◆ PROVIDED MATERIAL
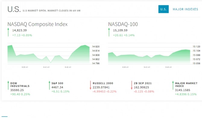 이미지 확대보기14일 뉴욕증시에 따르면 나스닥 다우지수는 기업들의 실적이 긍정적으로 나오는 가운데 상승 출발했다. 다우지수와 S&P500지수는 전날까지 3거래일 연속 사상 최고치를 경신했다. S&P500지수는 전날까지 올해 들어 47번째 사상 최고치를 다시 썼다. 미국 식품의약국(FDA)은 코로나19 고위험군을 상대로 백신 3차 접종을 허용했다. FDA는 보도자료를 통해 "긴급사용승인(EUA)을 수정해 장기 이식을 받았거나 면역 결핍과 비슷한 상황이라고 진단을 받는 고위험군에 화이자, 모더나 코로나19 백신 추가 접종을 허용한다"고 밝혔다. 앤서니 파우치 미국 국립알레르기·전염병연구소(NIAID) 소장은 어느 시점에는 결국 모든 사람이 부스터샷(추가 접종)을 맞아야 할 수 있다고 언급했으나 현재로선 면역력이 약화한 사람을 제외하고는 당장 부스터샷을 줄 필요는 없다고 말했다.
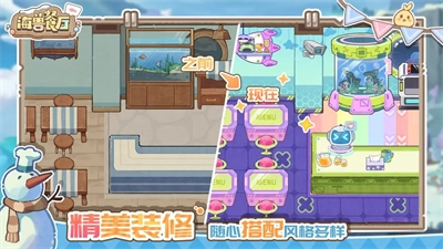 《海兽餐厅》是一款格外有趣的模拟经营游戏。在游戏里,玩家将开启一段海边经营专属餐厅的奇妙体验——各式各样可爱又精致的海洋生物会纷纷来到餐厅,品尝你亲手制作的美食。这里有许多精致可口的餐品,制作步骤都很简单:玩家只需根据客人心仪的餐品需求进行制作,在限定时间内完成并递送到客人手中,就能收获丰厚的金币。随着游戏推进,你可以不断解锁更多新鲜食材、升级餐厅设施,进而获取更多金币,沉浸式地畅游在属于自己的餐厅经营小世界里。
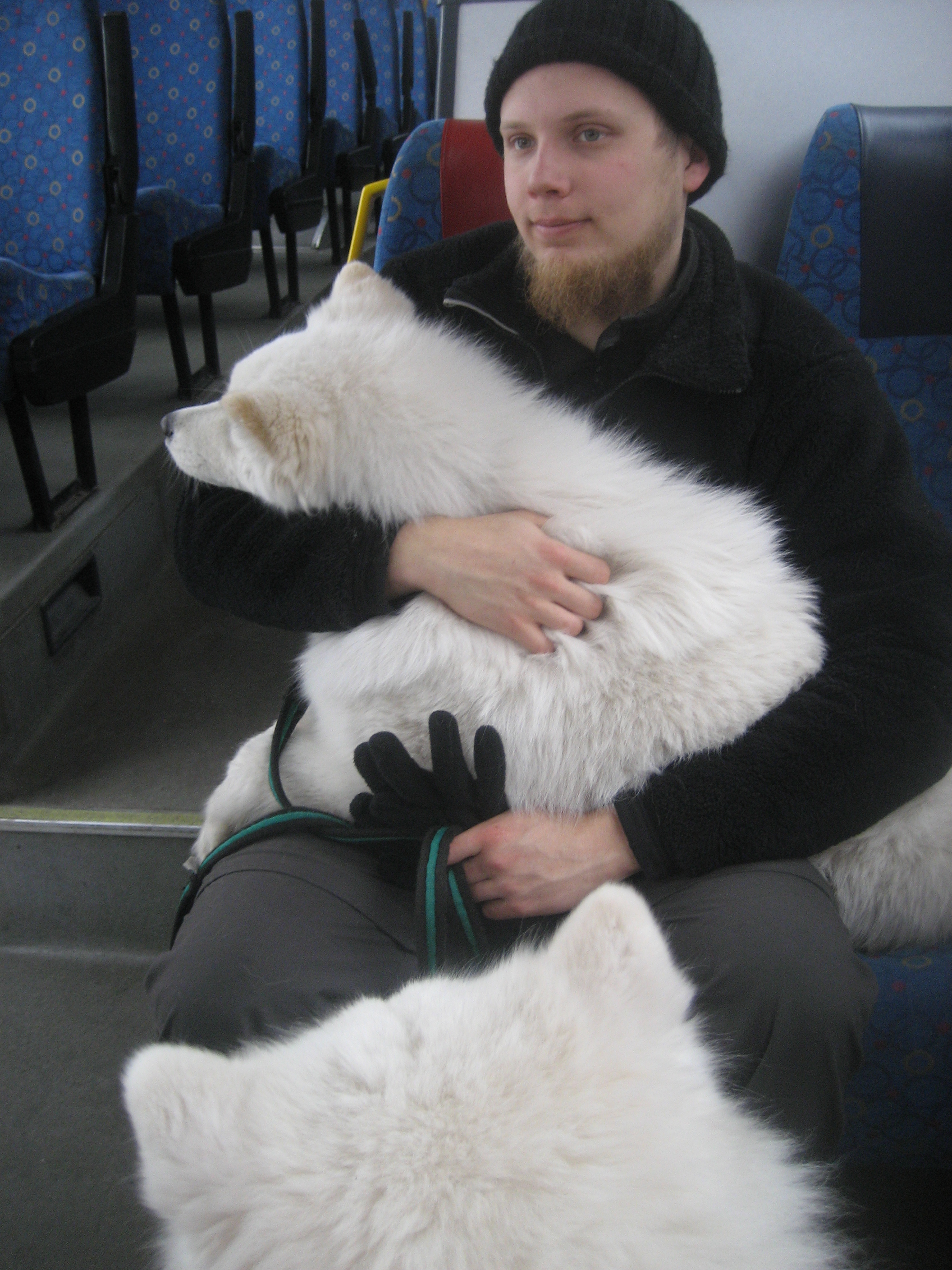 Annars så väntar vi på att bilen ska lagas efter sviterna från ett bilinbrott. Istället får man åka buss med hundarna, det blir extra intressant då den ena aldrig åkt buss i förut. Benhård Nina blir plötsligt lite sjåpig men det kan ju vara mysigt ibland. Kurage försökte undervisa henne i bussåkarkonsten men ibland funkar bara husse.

◆ ASSIGNED TASK
Would you repeat the complete listing exactly, excluding each picture it holds?

◆ WRITTEN ANSWER
 이미지 확대보기14일 뉴욕증시에 따르면 나스닥 다우지수는 기업들의 실적이 긍정적으로 나오는 가운데 상승 출발했다. 다우지수와 S&P500지수는 전날까지 3거래일 연속 사상 최고치를 경신했다. S&P500지수는 전날까지 올해 들어 47번째 사상 최고치를 다시 썼다. 미국 식품의약국(FDA)은 코로나19 고위험군을 상대로 백신 3차 접종을 허용했다. FDA는 보도자료를 통해 "긴급사용승인(EUA)을 수정해 장기 이식을 받았거나 면역 결핍과 비슷한 상황이라고 진단을 받는 고위험군에 화이자, 모더나 코로나19 백신 추가 접종을 허용한다"고 밝혔다. 앤서니 파우치 미국 국립알레르기·전염병연구소(NIAID) 소장은 어느 시점에는 결국 모든 사람이 부스터샷(추가 접종)을 맞아야 할 수 있다고 언급했으나 현재로선 면역력이 약화한 사람을 제외하고는 당장 부스터샷을 줄 필요는 없다고 말했다.
 《海兽餐厅》是一款格外有趣的模拟经营游戏。在游戏里,玩家将开启一段海边经营专属餐厅的奇妙体验——各式各样可爱又精致的海洋生物会纷纷来到餐厅,品尝你亲手制作的美食。这里有许多精致可口的餐品,制作步骤都很简单:玩家只需根据客人心仪的餐品需求进行制作,在限定时间内完成并递送到客人手中,就能收获丰厚的金币。随着游戏推进,你可以不断解锁更多新鲜食材、升级餐厅设施,进而获取更多金币,沉浸式地畅游在属于自己的餐厅经营小世界里。
 Annars så väntar vi på att bilen ska lagas efter sviterna från ett bilinbrott. Istället får man åka buss med hundarna, det blir extra intressant då den ena aldrig åkt buss i förut. Benhård Nina blir plötsligt lite sjåpig men det kan ju vara mysigt ibland. Kurage försökte undervisa henne i bussåkarkonsten men ibland funkar bara husse.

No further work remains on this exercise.